Predigt zum 3. Herrentag der Großen Fastenzeit / Kreuzverehrung (Hebr. 4:14-5:6; Mk. 8:34-9:1) (04.04.2021)
Liebe Brüder und Schwestern,
am Mittelpunkt unserer alljährlichen geistlichen Pilgerfahrt angelangt, fallen wir heute vor dem Kreuz Christi nieder. Dieses liegt mit Blumen geschmückt mitten in der Kirche und erinnert uns sowohl an die Leiden Christi als auch an Seine Auferstehung.
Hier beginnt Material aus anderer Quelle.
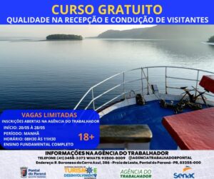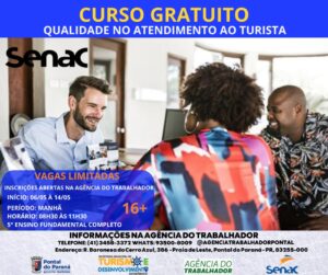 Estão abertas as inscrições na Agência do Trabalhador de Pontal do Paraná para dois cursos gratuitos que vão qualificar 50 jovens da cidade na área de turismo. As aulas serão ministradas por instrutores do Serviço Nacional de Aprendizagem Comercial (Senac-PR) na sede da agência, das 8h às 12h.

Mein Dozent am Priesterseminar, Erzpriester Moissey Tarassevitch (+ 1996), pflegte zu sagen: „Wo Golgatha ist, dort ist auch die Auferstehung“. Wer einmal in Jerusalem in der Grabeskirche war, der kann dies bestätigen: Tod, Begräbnis und Auferstehung Christi ereigneten sich auf engstem Raum, auf einer Gesamtfläche von wenigen hundert Quadratmetern, die heute allesamt unter der Kuppel der Grabeskirche vereint sind. Und als ich im Frühjahr 1993 als Pilger im damals noch nicht einmal im Wiederaufbau befindlichen Kloster „Neues Jerusalem“ in Istra bei Moskau war, begegnete ich einem heiligen Mann, Archimandrit Innokentij (Prosvirnin, + 1993), der kurz darauf von Banditen zusammengeschlagen wurde und später seinen Verletzungen erlag. Er lebte damals als einsamer Mönch in dem riesigen, von Patriarch Nikon (+ 1681) errichteten und der Grabeskirche in Jerusalem nachempfundenen Klosterkomplex. Vater Innokentij strahlte eine Liebe und Freundlichkeit aus, wie ich sie zuvor noch nie gesehen hatte. Auch meine Mitpilger erkannten dies. Er schrieb mir damals zum Abschied als Widmung in einen Kirchenkalender: „Mihail – Gottes Segen für einen über Golgatha führenden Weg zum Heil“ („Михаилу Божие благословение на голгофский путь спасения“). Als ich mich später über Vater Innokentij belesen hatte, erfuhr ich, dass er diese Worte jedem als seine Lebensmaxime ins Stammbuch schrieb. Ich empfand große Freude beim Verinnerlichen dieser Worte.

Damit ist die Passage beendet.